А. Плахов
. Это называется трансгрессия. Стать каннибалом, а потом…Л. Карахан
. Я что-то плохо представляю себе это «потом» – возвращение к человеческому через каннибализм.Д. Дондурей
. Не надо понимать так буквально. Это же метафора. В фильме «Тони Эрдманн» все сделано очень тонко. Ненавязчиво. Когда героиня бросает в сторону свою одежду, это не более отважный жест, чем когда она начинает петь, будучи уверенной, что петь не умеет. Импровизированный домашний концерт – это просто выдающаяся сцена. Головокружительные атаки на норму есть и в других фильмах каннской программы. В фильме Верхувена, например, тоже много про безумие. Мы не знаем, что переживает героиня Изабель Юппер, что с ней происходит. Не знаем, ее действия от безумия или она провоцирует соседа на безумие. Она подсознательно жаждет насилия? Насилие для нее невероятное удовольствие? После нападений соседа она ни разу не обращается в полицию. Все это тоже выход за пределы наших схем жизни.Во многих фильмах обсуждается спасительная миссия безумия, явного выхода за пределы правильности, лояльности, предписаний. Это такой же ресурс и, может, даже больший, чем взаимопонимание отца и дочери. Потому что про отношения в семье человечество за сто лет много фильмов наснимало. Про семью как альтернативу общественному, государственному, национальному, глобальному.

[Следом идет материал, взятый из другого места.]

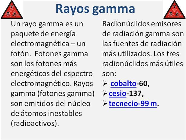 l poder de los rayos gamma es penetrante y tienen capacidad para recorrer grandes distancias, se considera el peligro principal para la población en general en situaciones de emergencia radiológica. De hecho, cuando el término "enfermedad de la radiación" se utiliza para describir los efectos de los grandes riesgos de cortos períodos de tiempo, los daños más graves son resultado, casi con toda seguridad de la radiación gamma.
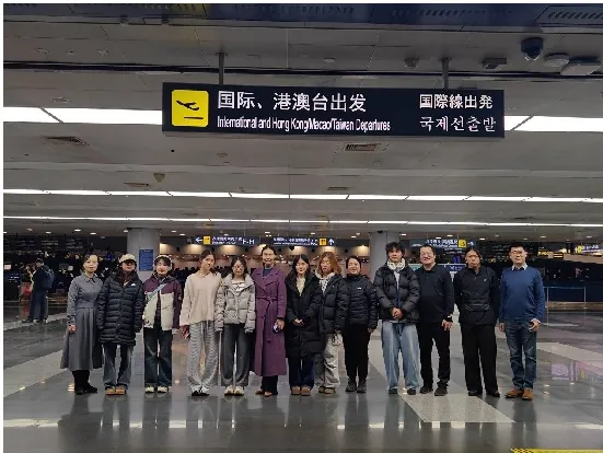 学院党委书记王静、副书记张利东及项目总协调人旅游管理系副系主任刘志华、旅游西班牙语专业负责人冀冉赴机场为师生送行
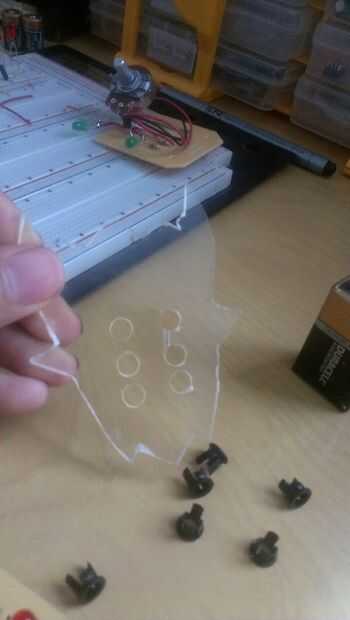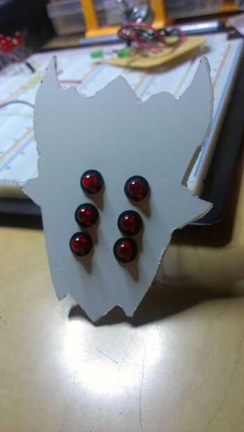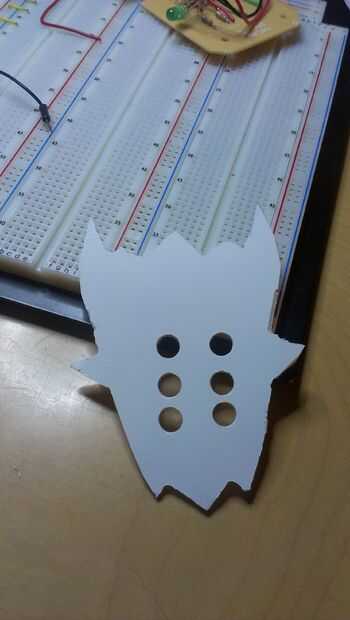 Mi placa frontal inspirado "Hueco" fue hecha de plexiglás que tenía por ahí de proyectos anteriores. Dibujé un diseño de cómo quería mi máscara para parecer, luego córtelo hacia fuera usando un rotozip. Procedí a taladrar los agujeros donde será el LED "ojos" y luego he pintado un lado blanco. Los anillos negros son las tomas de LED que vienen en realmente prácticos para un proyecto como este.
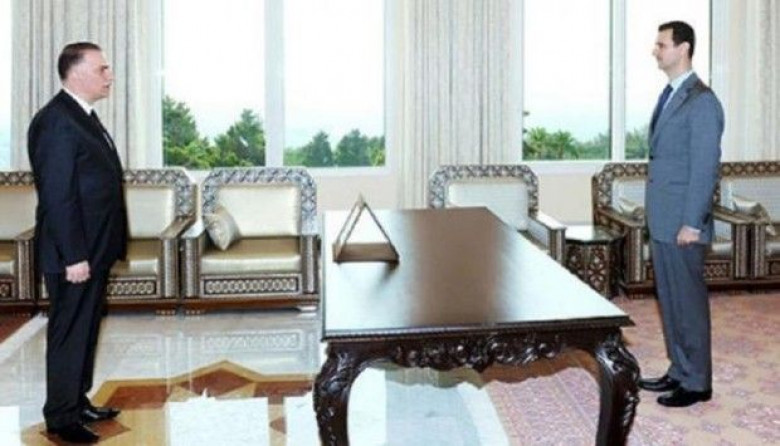 Լուսանկարում, որը հրապարակել է Սիրիայի SANA պետական գործակալությունը, պատկերված է 2011 թվականին Անաս Աբդուլ-Ռազակ Նաիմի երդմնակալության պահը Համա շրջանի նահանգապետի պաշտոնում: Անմիջապես երևում է նկարի ոչ բնական լինելը. չափազանց մեծ սեղան, ստվերների բացակայություն:
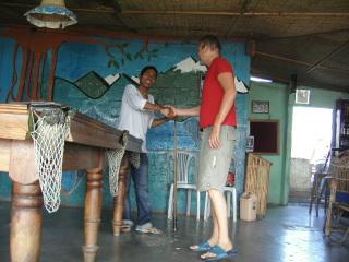 同じく長期滞在していたスペイン人のロベルトとビリヤード。名前を忘れてし...
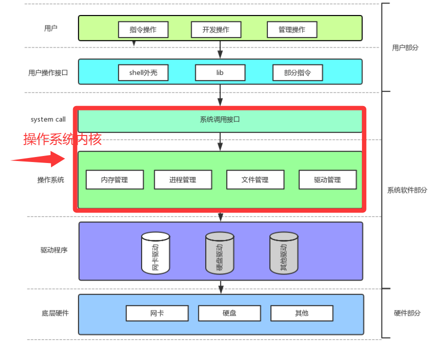 任何计算机都包含一个基本程序的集合,称为操作系统(简称OS),笼统的理解,操作系统包括:
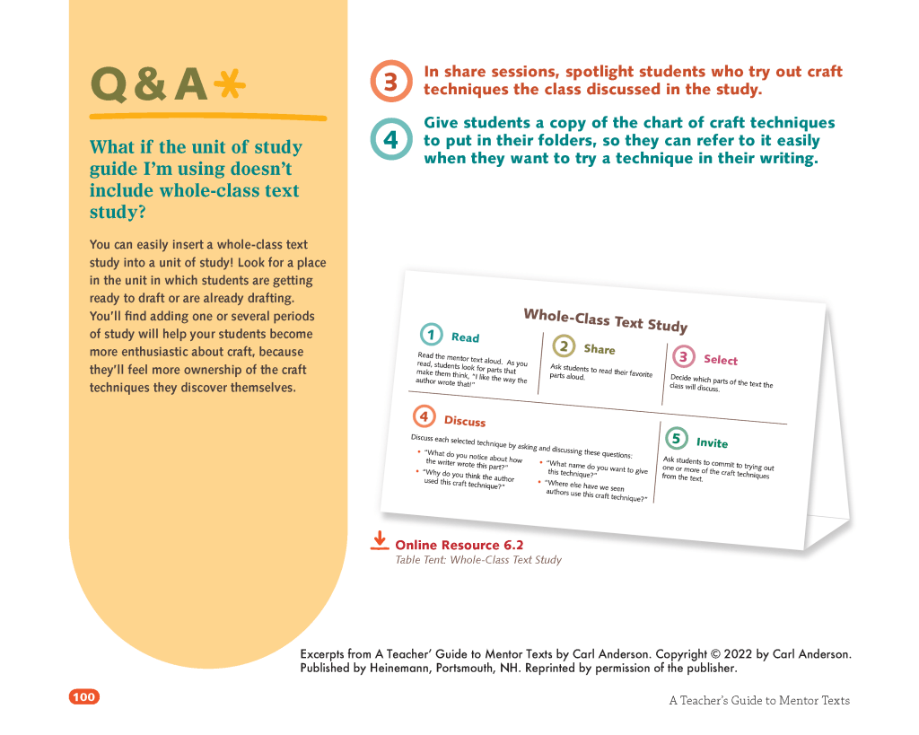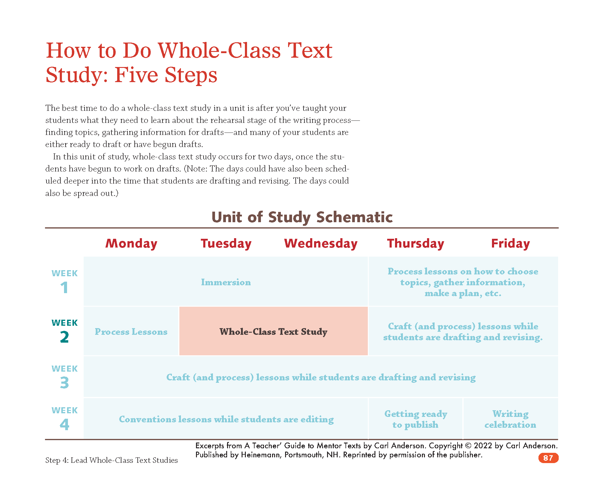 You won’t teach a typical writing workshop format (i.e., minilesson, independent writing time with conferring and small group work, share/reflection) on the days you set aside for whole-class text study. Rather, you’ll set aside anywhere from 15 minutes to a whole class period to study a text deeply with your students. (There are two videos in chapter six, which feature Carl engaging both primary and upper-grade students in whole-class text studies.) Any time left over at the end provides students with time to write independently.
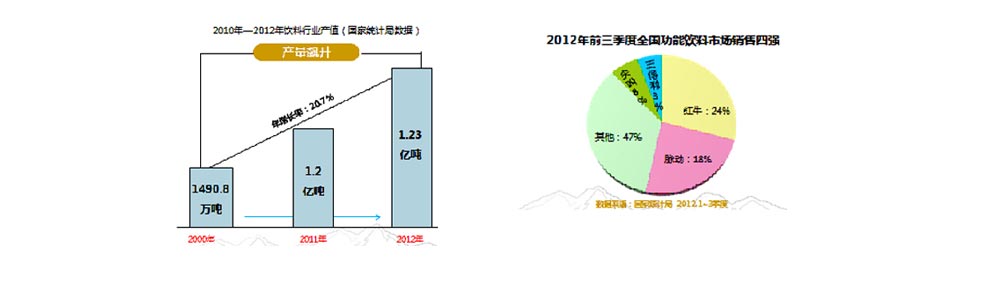 其中,功能飲料呈現(xiàn)出良好的發(fā)展勢(shì)頭。產(chǎn)品種類不斷增加,并且深受消費(fèi)者喜愛(ài), 2008 年功能性飲料整體增速約為29%,2012 年增速達(dá)到34%,功能飲料總?cè)萘?430--500億; 2012 年,我國(guó)已經(jīng)成為世界飲料第一大國(guó),其中功能飲料市場(chǎng)潛力巨大!
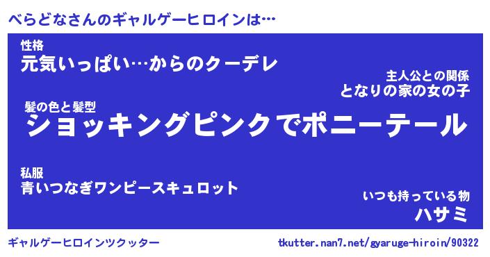 | 意味不明あだ名 | 『ペロリンべらどな』『永久保存べらどな』 |
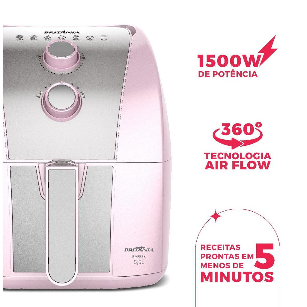 Air Fryer Rosa Britânia 5,5L Cesto Pinkstone 1500W BAFE53
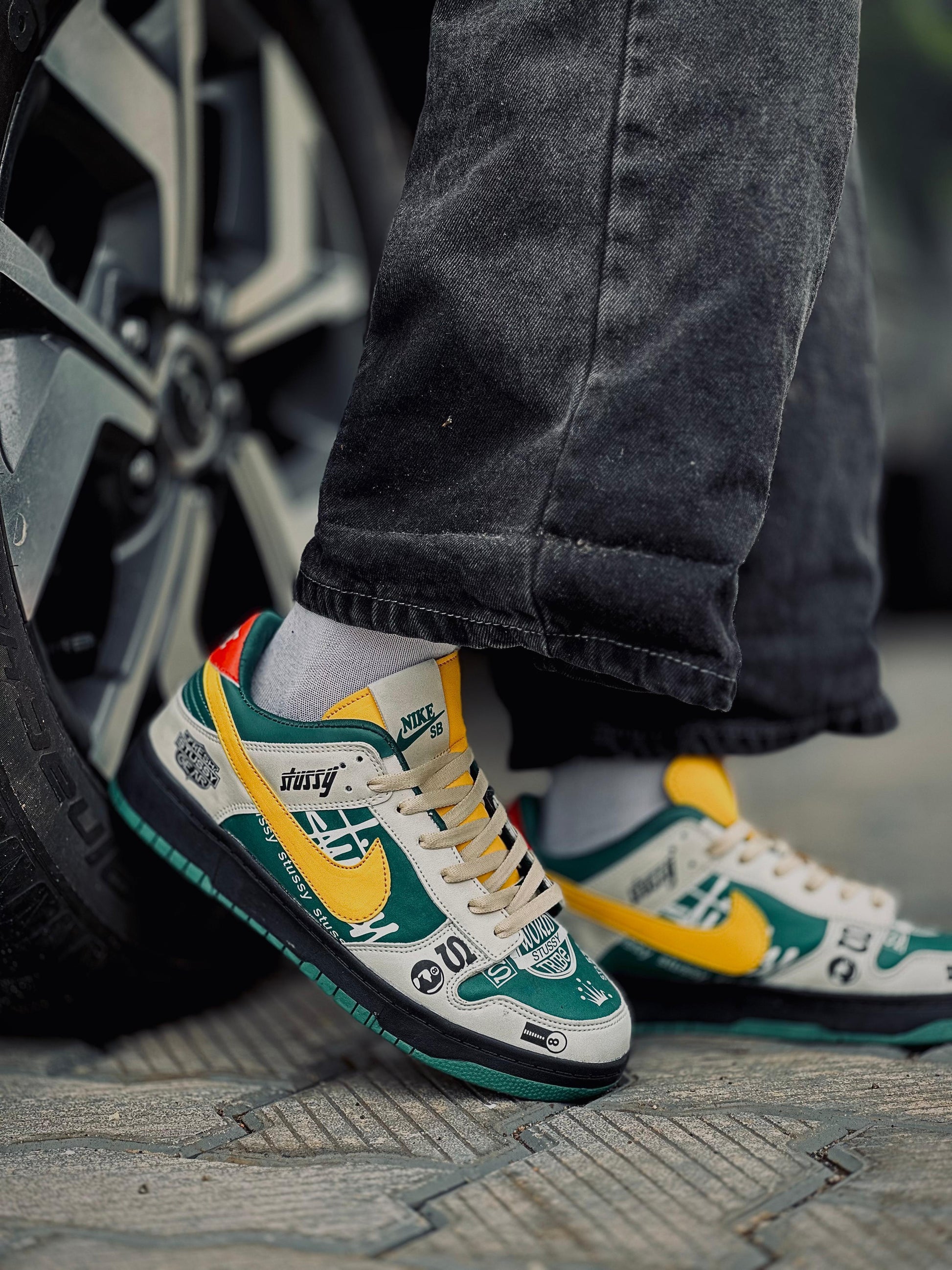 This bold pair features an all-over graphic treatment with vintage Stüssy logos, Nike SB detailing, and retro vibes that scream 90s skate culture. The rich mix of forest green, canary yellow, cream white, and black accents gives it a standout appeal—whether you’re hitting the skate park or making a statement on the street.
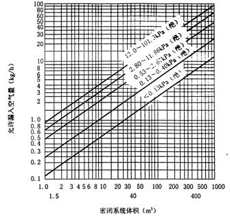 漏入系統的空氣量可按實測數據選取或參照同類生產裝置數據。無實測數據或參考數據時,可按抽空器前的真空系統設備、管線的總容積及壓力(絕)從圖A.0.1查取。真空系統中若有攪拌機時,每臺攪拌機再加2.3kg/h的漏入空氣量,若采用氣壓式直接混合冷凝冷卻器,還應包括冷卻水中放出的空氣量,其數值為冷卻水體積的2%。
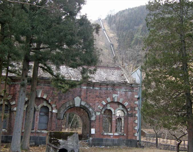 いろは坂に向かう途中、足尾に抜ける道路が分岐している。ここの細尾の部落の奥、山にかけて写真上の細尾発電所が、池を囲んで大きく広がっている。また、明治39年建てられた発電所のレンガ造りの建屋(写真中)が廃墟だが、山裾に残っている。写真で見るように落差が長く、200mを越える。大谷川の華厳滝の下あたりから取水してきている。華厳渓谷からの取水で、いま、馬道、背戸山、細尾、上の代の4発電所があるという。
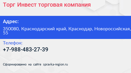 Торг-Инвест, торговая компания по адресу 350080, Краснодарский край, Краснодар, Новороссийская, 55 в дальнейшем Организация, размещена в следующих категориях:
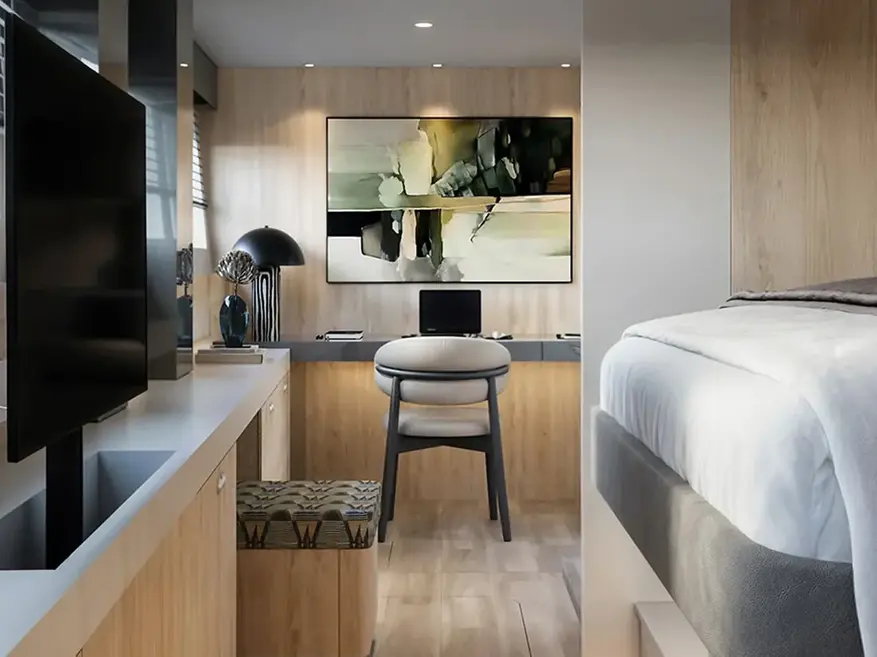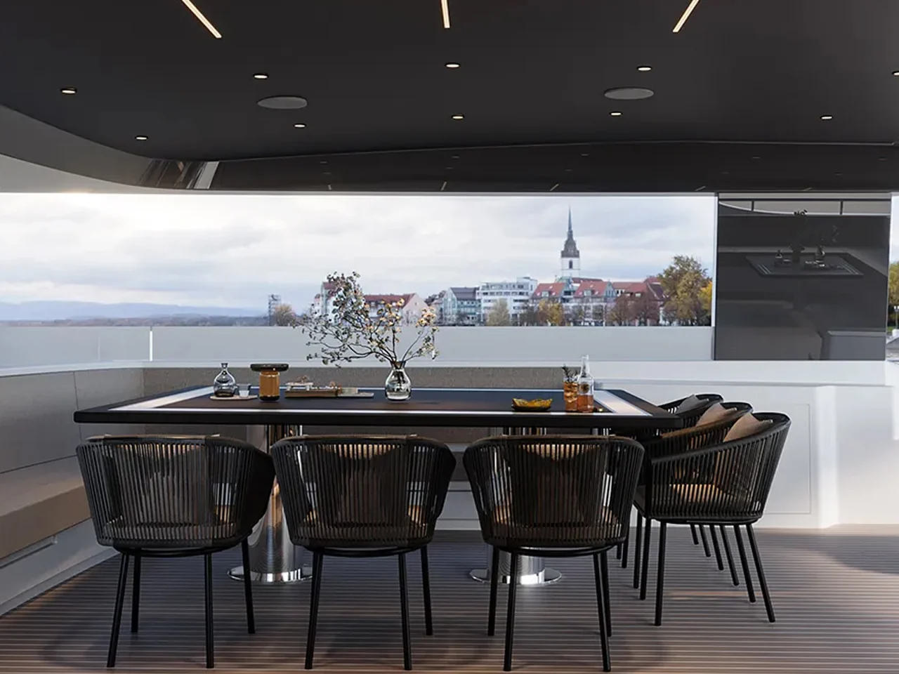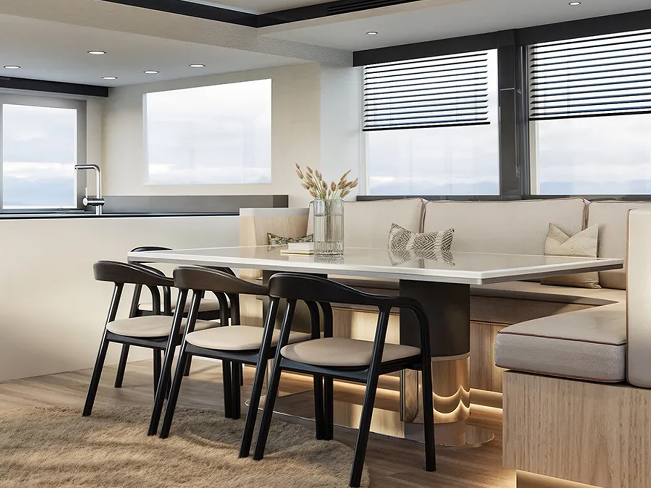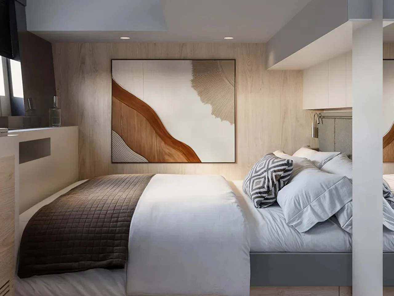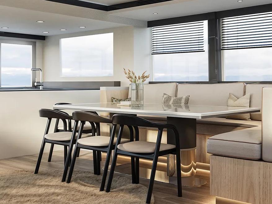 Представленный образец является демонстрационной моделью. Компания предлагает покупателям возможность изменения технических характеристик, внутренней планировки и отделочных материалов под индивидуальные требования. Катамаран оснащен системой управления энергопотреблением.
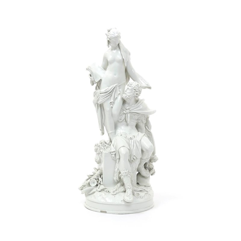 A large Berlin figure group of Mars and History late 18th/early 19th century, modelled by W C Meyer, Mars seated on a square block draped with a lion skin, holding his shield behind him, History standing above him holding a book and feather quill, Mars with his right arm around her hips, left in the white, raised on a circular base, blue sceptre mark, 47cm.

В замечательном фильме Кристи Пую «Сьераневада» есть этот потенциал – преодоление прессующих родственных отношений. Все собрались на панихиду, все – родственники, все рядом. Режиссер показывает, какой это гигантский и сложный мир, сколько в нем непопаданий, обид, иронии, противостояний. И все это скопление автоматизма преодолевается кинематографически, изнутри – движением камеры. Не хуже, чем в фильме того же Пую «Смерть господина Лазареску». Эти фильмы сомасштабны.
Моя гипотеза по поводу ориентиров Канн-2016 – выход за пределы нормы. Всеми возможными способами. В этом контексте проигрывают фильмы типа «Это всего лишь конец света» Ксавье Долана, где все достаточно традиционно.
А. Плахов
. А мне кажется, там как раз это тоже есть.Д. Дондурей
. Если только иметь в виду зашкаливающую семейную истерику… В общем, согласен, герои Долана тоже по-своему безумны. Есть своя странность и в тончайшей пристальности Джармуша. В частности, собака у него – абсолютный философ. Она даже умнее его жены.Л. Карахан
. Но собака у Джармуша съела все стихи Патерсона, и он задумчиво говорит этой довольно зловещей собаке: «Я не люблю тебя, Марвин».Д. Дондурей
. Может, и хорошо, что съела? Собака у Джармуша знает об этой жизни больше других, она настоящий мудрец, философ. Зачем-то каждый день валит пресловутый почтовый ящик, который Патерсон регулярно подправляет, возвращаясь с работы. И всегда эта удивительная собака очень точно выбирает место для наблюдения за водителем-литератором Патерсоном.А. Плахов
. Вы знаете, что собака умерла после съемок? Боюсь, что она эмоционально перетрудилась на съемках, чрезвычайно ответственная и сложная роль, без шуток.Л. Карахан
. Мне тоже жаль реальную собаку. Без шуток. Но что такое усложнение, на котором так настаивает Даниил: давайте все усложним, нарушим норму, каннибализм как спасение, собака-философ, пожирающая стихи… Впечатляет. Вот только что в этом нового? Постмодернизм уже много лет и в теории, и на практике отступает от нормы, прославляет трансгрессии и атакует системное мироустройство под знаменитым лозунгом Лиотара «война целому». Дает ли эта война какой-то результат, внутренне укрепляющий современного человека? Не думаю. Если и дает, то очень специфический. Даже такой заядлый постмодернист, как Ларс фон Триер, которого не заподозришь в большой любви к норме, еще в момент выхода его скандального фильма «Идиоты» высказал законное опасение, что он «жонглирует понятием нормы, балансирует между дозволенным и недозволенным. Если же вовсю девальвировать разумное, мир полетит ко всем чертям»[25]. Сейчас это высказывание Триера звучит, по-моему, не менее актуально, чем двадцать лет назад. Поскольку возможность хоть как-то компенсировать мировую дисгармонию и дисбаланс, культивируя недозволенное, кажется все менее очевидной. Прежде всего тем, кстати, кто пытается осуществить такую компенсацию. Именно неуверенность в достоинствах метода провоцирует его неумеренную возгонку и форсаж – как у того же Верхувена, где маньяк на маньяке и маньяком погоняет. Экстремального насилия, перверсий, педофилии, вампиризма, безумия уже недостаточно. Теперь каннибализм – «наше все».